Menurut Anom, siswa tersebut tidak mengikuti hampir seluruh rangkaian kegiatan pembelajaran di sekolah. “Berdasarkan laporan, ada satu siswa di SMP Negeri 4 Mendoyo yang dinyatakan tidak lulus berdasarkan hasil rapat dewan guru. Pertimbangannya karena secara akademis siswa tersebut tidak menyelesaikan seluruh rangkaian kegiatan pembelajaran di sekolah,” ujarnya.

Anom menjelaskan bahwa siswa tersebut sama sekali tidak memiliki nilai pada seluruh mata pelajaran karena tidak pernah mengikuti proses pembelajaran. “Nilai semua mata pelajaran tidak ada sama sekali. Penugasan daring tidak dikerjakan. Kehadiran juga tidak memenuhi batas toleransi yang ditentukan. Kemudian ujian sumatif, Tes Kemampuan Akademik (TKA), dan seluruh rangkaian evaluasi untuk kelulusan juga tidak diikuti,” ia sampaikan.

Catatan kehadiran siswa tersebut jauh di bawah batas minimal. Selama periode panjang, ia tercatat bolos sekolah lebih dari 90 hari. Sekolah telah mencoba memberikan alternatif pembelajaran dan penugasan secara daring, namun tetap diabaikan.

Awalnya siswa tersebut bersekolah di SMP Negeri 2 Mendoyo. Karena sering membolos dan merasa minder akibat kemalasannya, ia meminta pindah ke SMP Negeri 4 Mendoyo. Setelah difasilitasi pindah, perilakunya tidak berubah. “Kami beberapa kali mencari ke rumahnya, pihak sekolah juga berulang kali melakukan pendekatan, tetapi tidak pernah bertemu. Kami ingin memastikan juga apakah anak ini bekerja atau tidak karena ada informasi seperti itu,” kata Anom.

Tim Dinas Pendidikan kembali mendatangi rumahnya dan berhasil bertemu langsung dengan sang siswa beserta keluarganya.

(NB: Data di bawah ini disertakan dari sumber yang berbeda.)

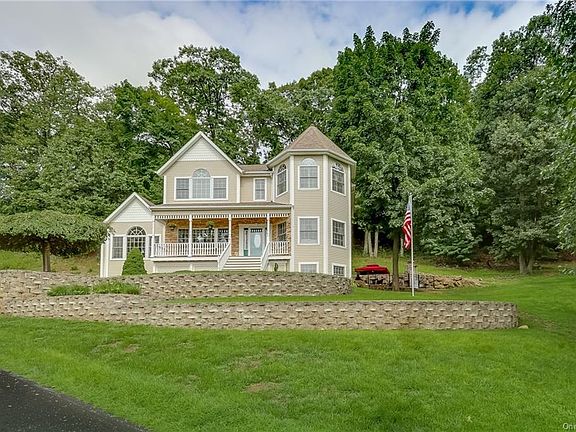 PRIVACY & SERENITY. Relax on your porch and gaze into the mountains! One owner, immaculate condition sitting on 1.02 acres! Beautiful home features soaring ceilings and tons of natural light! Cathedral ceiling in family room. Spacious eat in kitchen boasts granite counters, stainless steel appliances, dinette area with sliders leading to stunning deck-stone patio with outdoor fireplace and waterproof TV overlooking a beautiful yard. Family room with custom stone fireplace. Pella windows, oak floors. Upstairs you will find a majestic master suite with sitting area and cathedral ceiling, rainbow windows, walk in closet and Jacuzzi style tub. Walk-out basement has so much potential! Plumbing in basement for a fourth bathroom! Well insulated home and low taxes!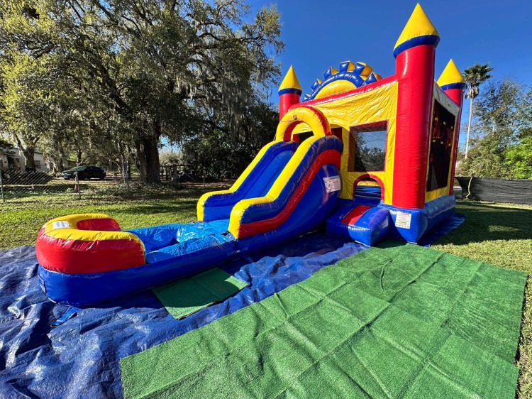 - OCCUPANCY: A maximum of 5-6 kids of equal size at one time for bounce houses, and 1 person at a time for slides is what most inflatable manufacturers recommend.

Siswa itu mengaku sempat bekerja serabutan membantu memasang dekorasi, namun bukan pekerjaan tetap. “Ketika kami datang lagi dan bertemu langsung, anaknya menyampaikan tidak berkeinginan melanjutkan pendidikan formal. Orang tuanya juga meminta agar difasilitasi ke pendidikan nonformal, baik melalui Sanggar Kegiatan Belajar (SKB) maupun Pusat Kegiatan Belajar Masyarakat (PKBM),” tutur Anom.

Anom memastikan tidak ada unsur perundungan (bullying) yang membuat siswa tersebut enggan sekolah. Berdasarkan evaluasi, siswa tersebut murni malas mengikuti pendidikan formal.

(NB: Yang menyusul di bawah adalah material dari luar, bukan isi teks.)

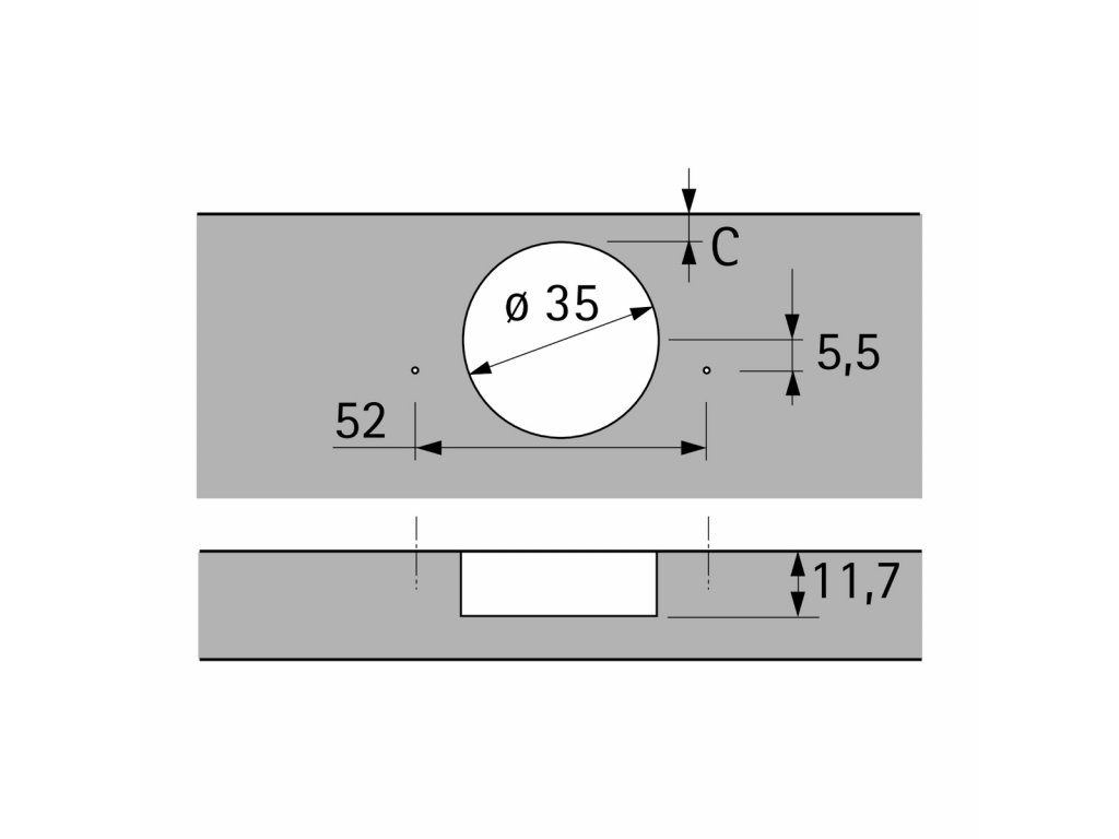 Hettich intermat 9973, Základna závěsu -3,5 mm, TH 42, k přišroubování

Meski tidak lulus, Dinas Pendidikan Jembrana berjanji akan tetap memfasilitasi siswa tersebut agar dapat mengenyam pendidikan lewat jalur nonformal atau Kejar Paket. “Intinya siswa ini tidak diluluskan karena memang tidak mengikuti seluruh rangkaian pembelajaran dan tidak memiliki nilai akademik yang menjadi syarat kelulusan. Namun kami tetap berupaya mencarikan solusi agar yang bersangkutan dapat melanjutkan pendidikan melalui jalur nonformal,” pungkas Anom.

Keputusan ini menyoroti pentingnya keikutsertaan aktif siswa dalam setiap kegiatan pembelajaran. Tanpa partisipasi, bahkan satu siswa dapat menurunkan tingkat kelulusan sekolah secara keseluruhan. Dinas Pendidikan berfokus pada penyediaan alternatif agar siswa yang tidak mampu mengikuti jalur formal tetap dapat terus belajar melalui program nonformal.

SMP Jembranakelulusan siswasiswa tidak luluskehadiran rendahpembelajaran daringpendidikan nonformalKejar Paket

Komentar

Memuat komentar...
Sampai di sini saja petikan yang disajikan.